And this is how I speculate the Animal Crossing on the Wii U to be like. We all know that there _will_ be an Animal Crossing game for the Wii U in about a year or two from now.


----------



## Boccages (May 19, 2014)

I hope they show something at E3 in a few weeks.


----------



## brockbrock (May 20, 2014)

I hope they allow more control over where villagers plot their houses, and I'd also like to see some sort of feature that you could turn on or off with regards to the villagers selling the furniture in their houses and changing shirts since there seem to be a lot of people who want to keep their villagers "original" so that might be a nice add.

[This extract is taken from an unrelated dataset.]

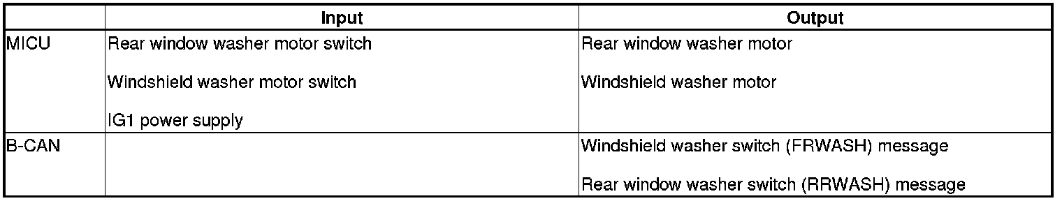 The MICU controls the windshield wiper motor and the windshield washer motor based on inputs from each switch and B-CAN signals.
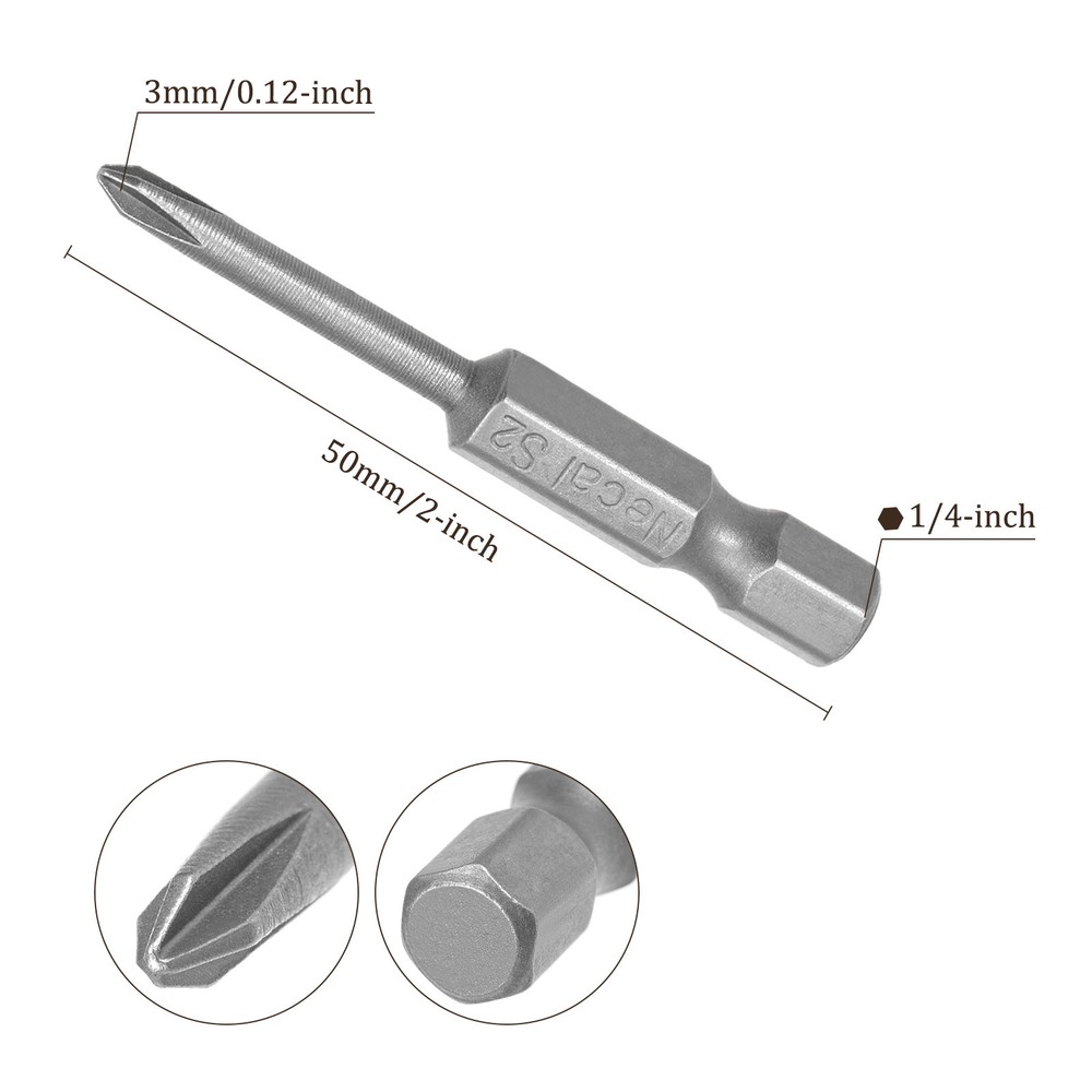 Document APPLICATION- Fit for electric screwdriver, manual screwdriver, power drill and other pneumatic or power tools with 1/4" hex holder. Widely used in cars, trucks, engines, motorcycles, computers, cable boxes and other applications.ABOUT THIS PRODUCT- Made of S2 alloy steel, which is a commonly used material in hardware with high hardness.- Sandblasting surface, corrosion resistance and durability.- Magnetic tip, can suck the screws easily when used it.- Exquisite workmanship, each edge can be accurately locked screws, no damage to the screw, and the screwdriver head.SPECIFICATIONBit Type: PH0Tip Diameter: 3mm / 0.12“Shank: 1/4“ Hex ShankLength: 50mm / 2”Material: S2 Alloy SteelFinish: SandblastingPackage: 5 packs of Cross Head Screwdriver BitTAKE NOTICE OF- Do not turn the screws with mismatched size to avoid damage to both the screw and the drill. 5pcs Phillips Screwdriver Bit - [2" x H1/4 x 3mm x PH0] Magnetic for Power Tool APPLICATION - Fit for electric screwdriver, manual screwdriver, power drill and other pneumatic or power tools with 1/4" hex holder. Widely used in cars, trucks, engines, motorcycles, computers, cable boxes and other applications. ABOUT THIS PRODUCT - Made of S2 alloy steel, which is a commonly used material in hardware with high hardness. - Sandblasting surface, corrosion resistance and durability. - Magnetic tip, can suck the screws easily when used it. - Exquisite workmanship, each edge can be accurately locked screws, no damage to the screw, and the screwdriver head. SPECIFICATION Bit Type: PH0 Tip Diameter: 3mm / 0.12“ Shank: 1/4“ Hex Shank Length: 50mm / 2” Material: S2 Alloy Steel Finish: Sandblasting Package: 5 packs of Cross Head Screwdriver Bit TAKE NOTICE OF - Do not turn the screws with mismatched size to avoid damage to both the screw and the drill. Hot Item Payment 1.We accept eBay payment . 2.Payment must be received within 7 business days of auction closing. Shipping 1.We ship to your eBay or Paypal address. Please make sure your eBay and Paypal address is correct before you pay. 2.Items will be shipped within 1-3 business day when we received payment. 3.Delivery time depends on destination and other factors. Description Policy 5pcs Phillips Screwdriver Bit - [2" x H1/4 x 3mm x PH0] Magnetic for Power Tool APPLICATION - Fit for electric screwdriver, manual screwdriver, power drill and other pneumatic or power tools with 1/4" hex holder. Widely used in cars, trucks, engines, motorcycles, computers, cable boxes and other applications. ABOUT THIS PRODUCT - Made of S2 alloy steel, which is a commonly used material in hardware with high hardness. - Sandblasting surface, corrosion resistance and durability. - Magnetic tip, can suck the screws easily when used it. - Exquisite workmanship, each edge can be accurately locked screws, no damage to the screw, and the screwdriver head. SPECIFICATION Bit Type: PH0 Tip Diameter: 3mm / 0.12“ Shank: 1/4“ Hex Shank Length: 50mm / 2” Material: S2 Alloy Steel Finish: Sandblasting Package: 5 packs of Cross Head Screwdriver Bit TAKE NOTICE OF - Do not turn the screws with mismatched size to avoid damage to both the screw and the drill. Hot Item Payment 1.We accept eBay payment . 2.Payment must be received within 7 business days of auction closing. Shipping 1.We ship to your eBay or Paypal address. Please make sure your eBay and Paypal address is correct before you pay. 2.Items will be shipped within 1-3 business day when we received payment. 3.Delivery time depends on destination and other factors.

I'd personally really like the ability to better keep track of the size of bugs and fish instead of having to write down everything when you catch them. 

These are just minor things though... I like some of the grander ideas others have suggested.


----------



## LostNoob (May 20, 2014)

As much as I liked the AC plaza's graphics and New Leaf's graphics style, I kinda wish AC would go for a more colourful art style, maybe take a note from Wind Waker HD and do a nice cell shaded look, basically I just want the game to look like that anime movie.

Camera control is a given, it can really help with the immersion.
Fix the grass decay, seriously, if they must keep it, at least make it less destructive.
In fact, one thing I'd like to see, and I've posted this before but whatever, grass that actually looks like grass instead of a green texture, and over time, it will grow longer, so if left alone, it can get quite long and will just look cool (obviously can be cut somehow)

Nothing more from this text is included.